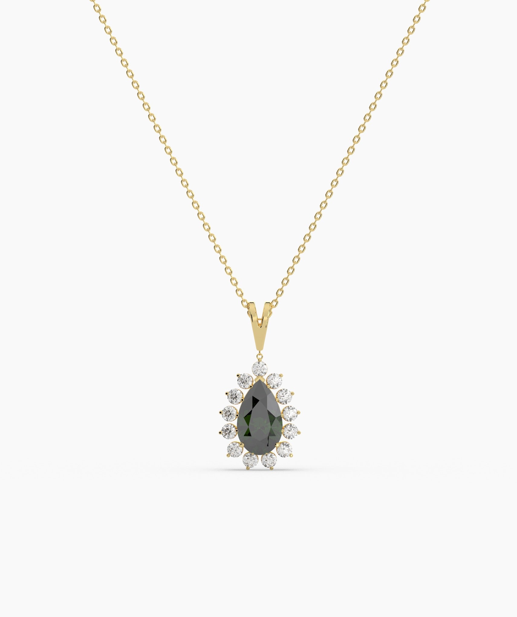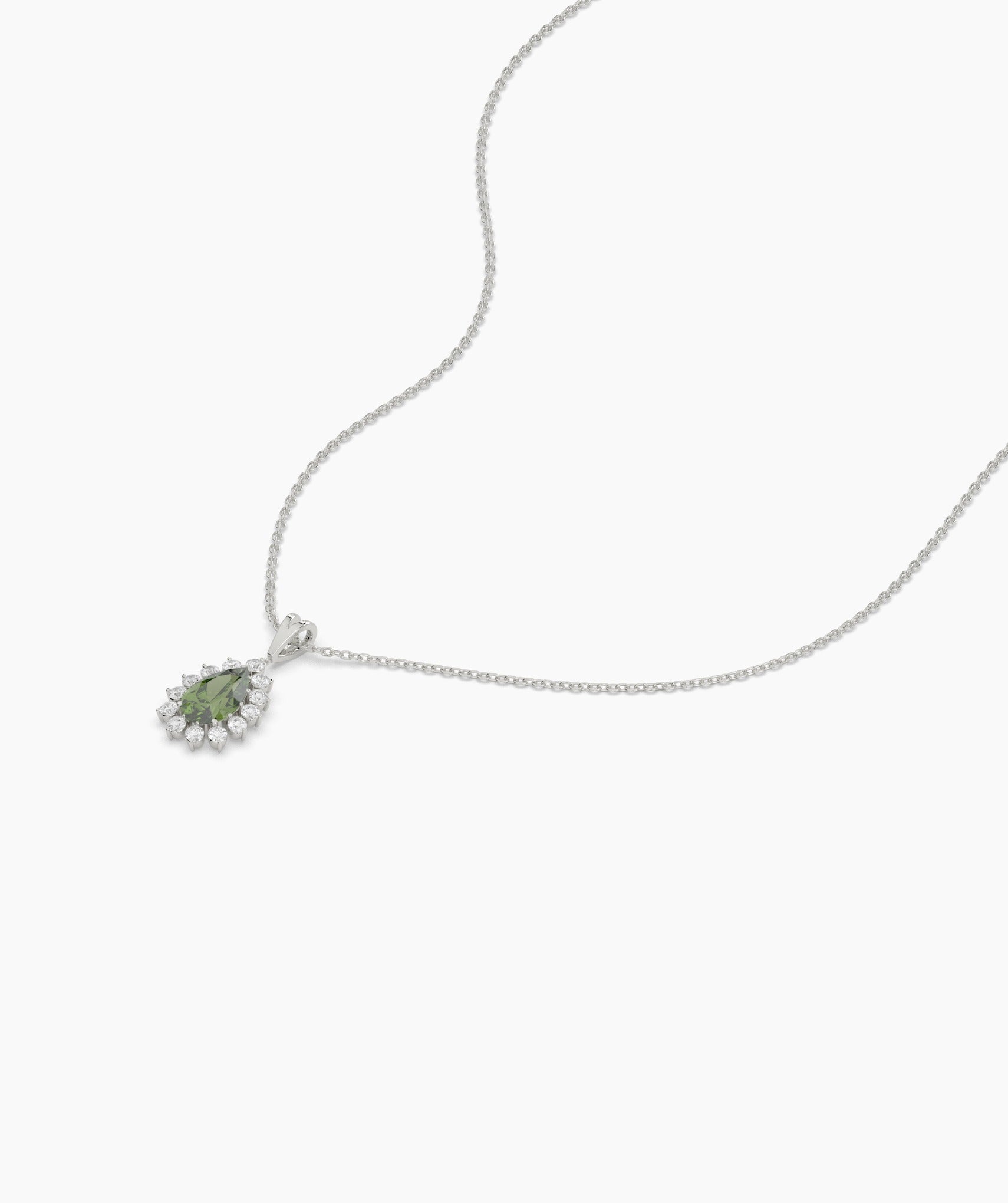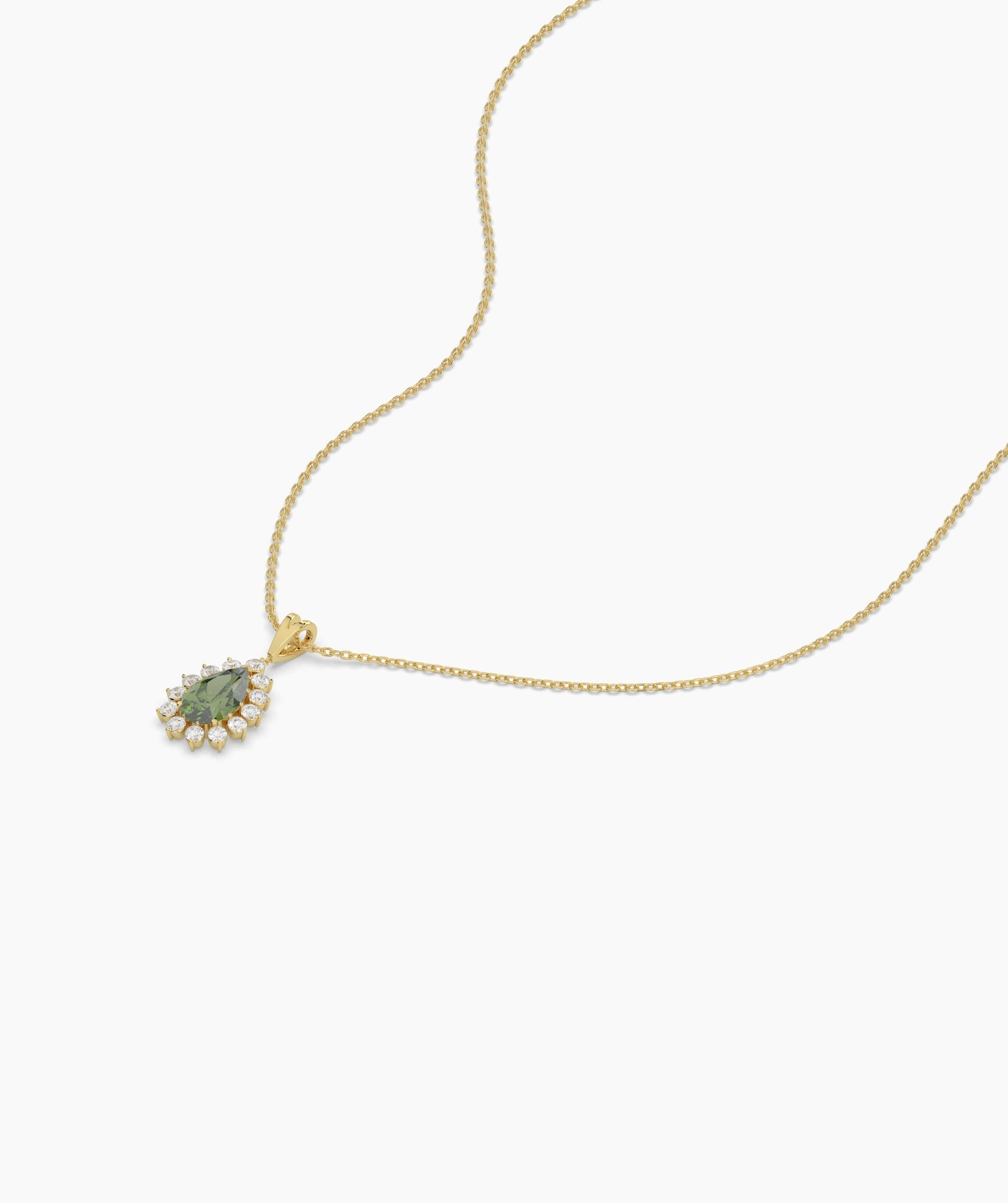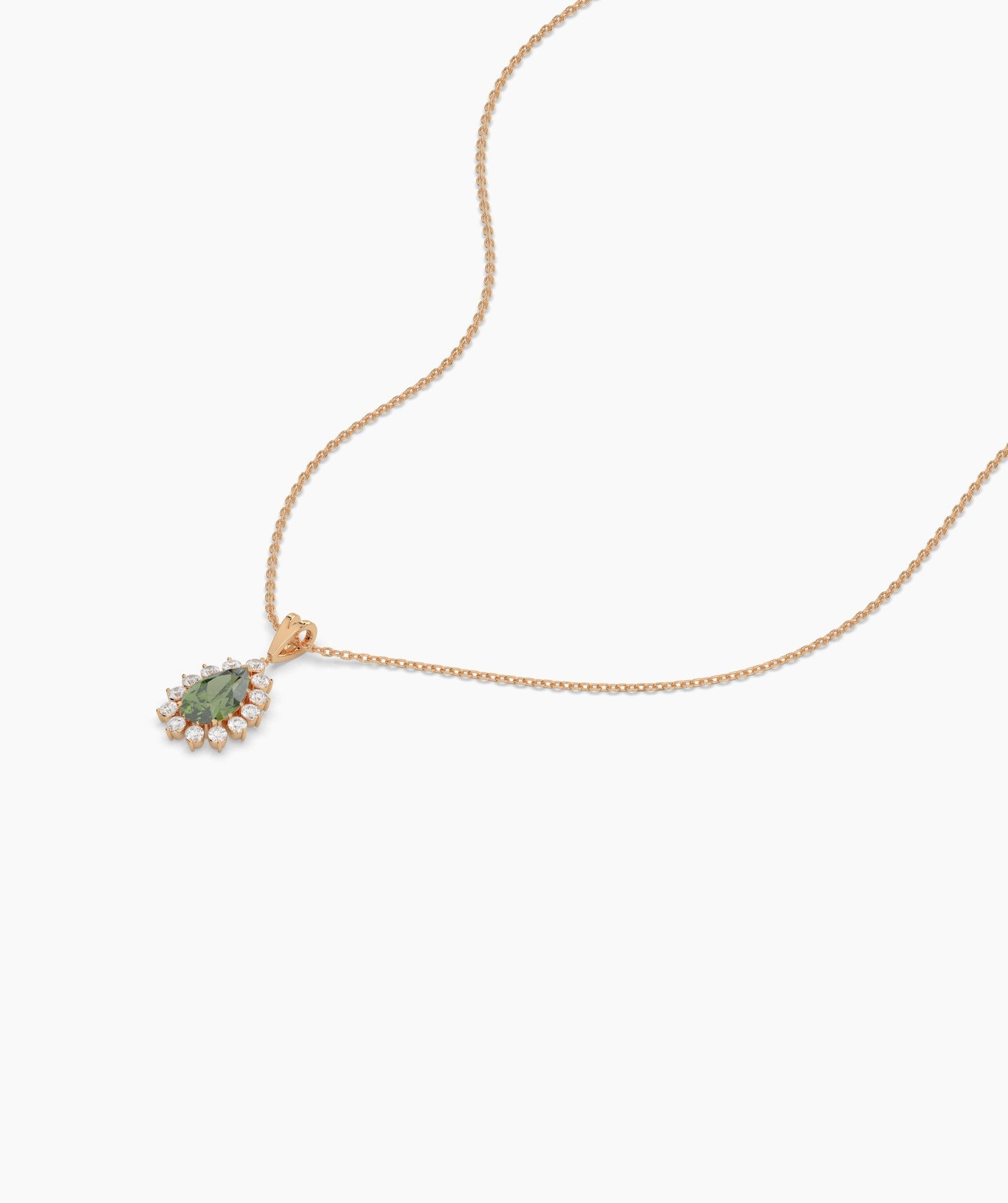 A regal teardrop design, where a lush green stone meets a sparkling diamond halo—perfect for making a statement.
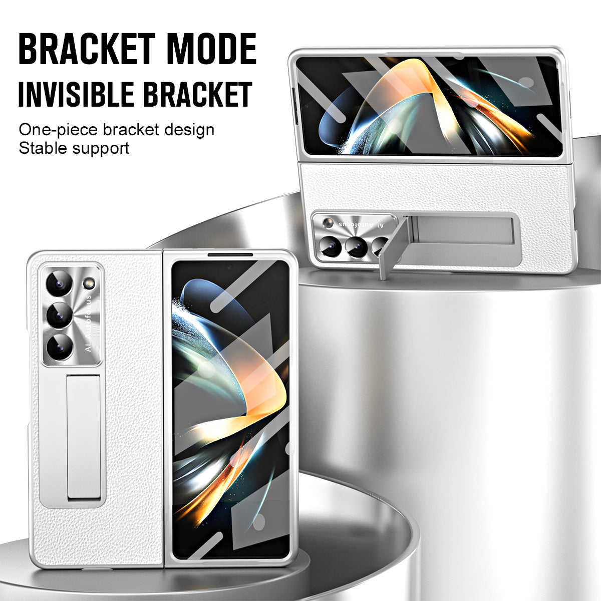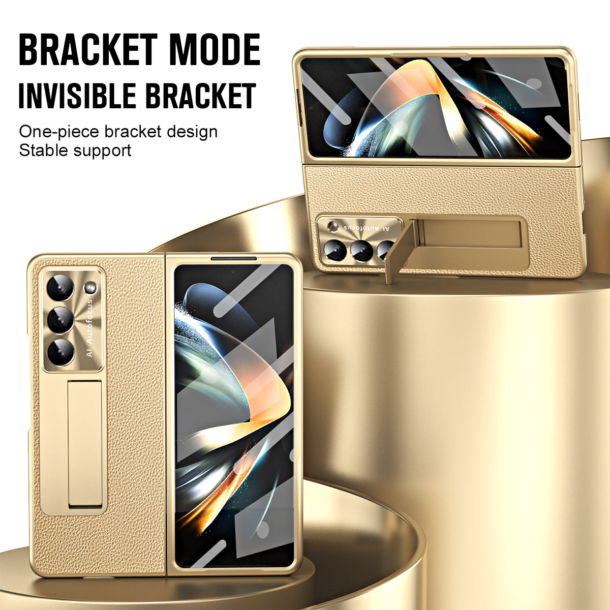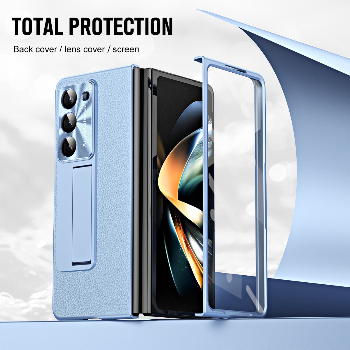 For Samsung Galaxy Z Fold5 5G Litchi Texture Leather PC Case Shockproof Kickstand Phone Cover
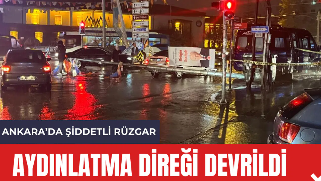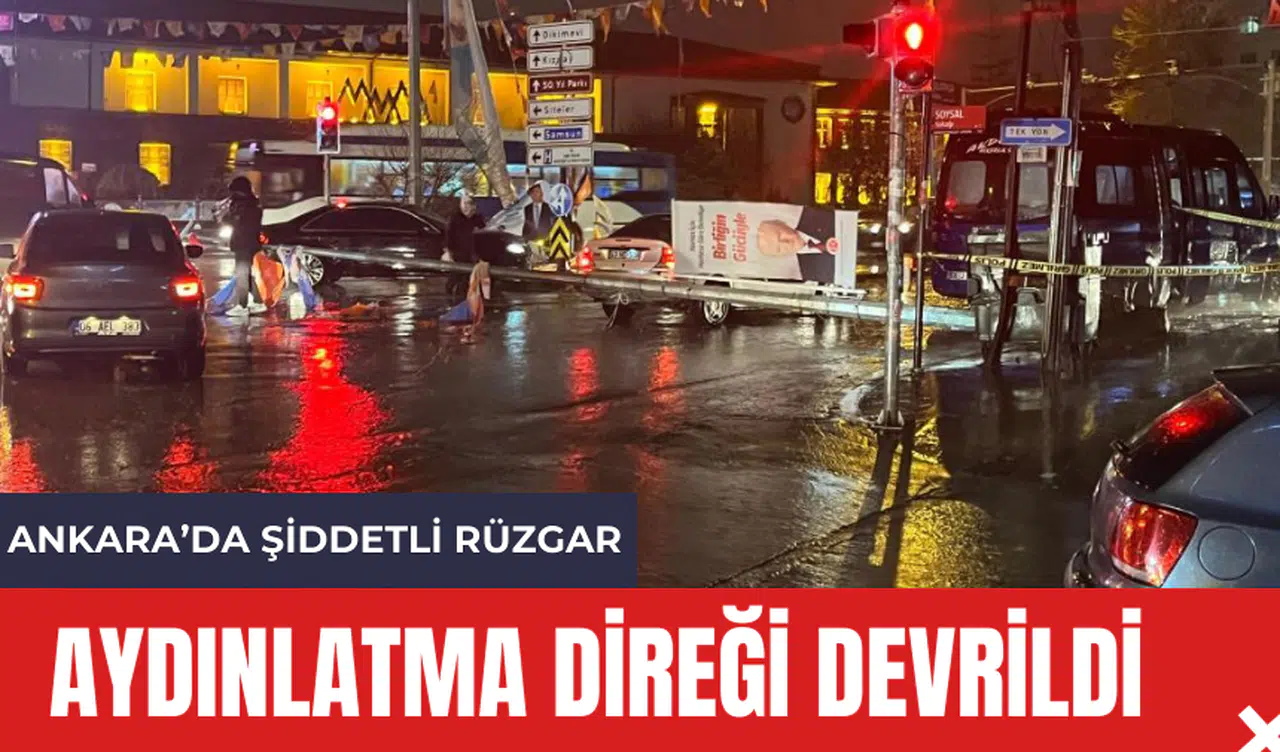 Ankara'da akşam saatlerinde etkili olan fırtınada aydınlatma direği yola devrildi.

ASSIGNMENT >> Could you repeat each line above exactly as written? Omit the pictures.

THE COMPLETED TASK >>
 A regal teardrop design, where a lush green stone meets a sparkling diamond halo—perfect for making a statement.
 For Samsung Galaxy Z Fold5 5G Litchi Texture Leather PC Case Shockproof Kickstand Phone Cover
 Ankara'da akşam saatlerinde etkili olan fırtınada aydınlatma direği yola devrildi.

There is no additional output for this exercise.